Sıvı diyetler ve sağlık etkileri
Sıvı diyetler, hazırlaması ve tüketimi pratik olduğu ve birçok kişinin uygulamada zorluk yaşadığı porsiyon kontrolünü de kolaylaştırdığı için tercih edilebiliyor. Ayrıca enerji içerikleri düşük olduğu için de sıvı diyetler özellikle hızlı kilo kayıplarında etkili olabiliyor. Ancak hızlı kilo kayıplarında, vücut ağırlığındaki azalmanın daha çok vücut suyu ve kas kaybına bağlı olabileceğinin de unutulmaması şart.
Sıvı diyetlerin açlığı baskıladığı ve besin alımını azalttığına inanılıyor. Araştırmalar, normal ve sıvı ağırlıklı öğünden bir sonraki öğünde besin tüketimini karşılaştırdığında sıvı ağırlıklı öğünün sonrasında daha fazla besin tüketimine neden olabildiğini gösteriyor. Enerji içeriklerinin çok düşük olması, sıvı diyetlerin başlıca sağlık riskleri arasında yer alıyor.
Sıvı diyetlerin günlük ihtiyaç duyulan protein, vitamin ve mineralleri sağlamada yetersiz kalabileceği, elektrolit dengesizliğine yol açabileceği ve bunların uzun vadede önemli sağlık sorunlarına yol açabileceği unutulmaması gerekiyor.
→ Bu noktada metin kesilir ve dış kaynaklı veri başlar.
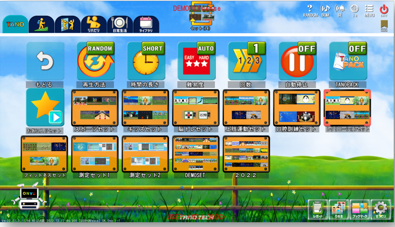 モーションセンサーの前に立つ(座る)だけで体の動きや音声が検知され、口頭では動きの説明が難しい自発的な動作を誘発することができるのがTANOの特徴となっており、180種類以上の運動・発声・脳活性化プログラムを非接触・非装着・非対面で実施する事が可能です。

Bunların yanı sıra tam tahıl ve kurubaklagiller tüketilmediği için çözünmez posadan sınırlı sıvı diyetler kabızlığa yol açabiliyor ve sindirim sistemi sağlığını olumsuz etkileyebiliyor.
Bilimsel veriler ne söylüyor?
- Dünya Sağlık Örgütü (WHO), sağlığın sürdürülmesi ve kronik hastalıkların önlenmesi için tüm besin gruplarından yeterli ve dengeli tüketilmesi gerektiğini belirtiyor.
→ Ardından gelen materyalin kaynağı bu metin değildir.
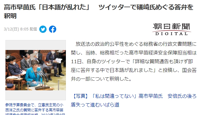 高市「日本語が乱れた」ツイッターで礒崎氏めぐる答弁を釈明 。自民党の誰も擁護しないのも冷たいよな [971283288]https://hayabusa9.5ch.net/test/read.cgi/news/1678580597/

- Zayıflama veya vücut ağırlığının yönetiminde, porsiyon kontrolüyle birlikte besin çeşitliliğinin sağlanması ve fiziksel aktivitenin arttırılması en geçerli ve güvenilir yöntemler arasında yer alıyor. Çünkü dengeli beslenme ve aktif bir yaşam tarzı vücut ağırlığı kontrolünün yanı sıra şeker, kalp damar ve kanser gibi hastalıkların önlenmesinde de önemli rol oynuyor.
- Sonuç olarak, sıvı veya sıvı ağırlıklı diyetler günlük ihtiyaç duyulan enerji, protein, esansiyel yağ asitleri ve özellikle demir, B12, çinko gibi besin öğelerini sağlamada yetersiz kalabildiği için uzun vadede sağlık sorunlarına neden olabilir.
- Hızlı kilo vermede etkili görülse de aslında kas ve vücut suyu kaybına yol açabilir ve kalıcı kilo kaybı sağlanmayabilir. Ayrıca insulin direnci, şeker hastalığı veya herhangi başka bir konik hastalığı olan bireyler sıvı diyetler konusunda dikkatli olmalıdır. Sıvı diyetlerin, kısa vadede vücut ağırlığı ile kolesterol, kan yağları gibi metabolik göstergeler üzerinde olumlu etkileri olduğunu ileri süren klinik araştırmalar mevcut olsa da uzun vadede ne gibi sonuçların ortaya çıkabileceğini gösteren kanıta dayalı verilerse yetersizdir.
- Vücut ağırlığının kontrolünü sağlamak ve sağlığı korumak için bireylerin yaşına, cinsiyetine, sağlık durumuna ve yaşam tarzına uygun beslenmesi ve aktif bir yaşam tarzı sürdürmesi önemlidir.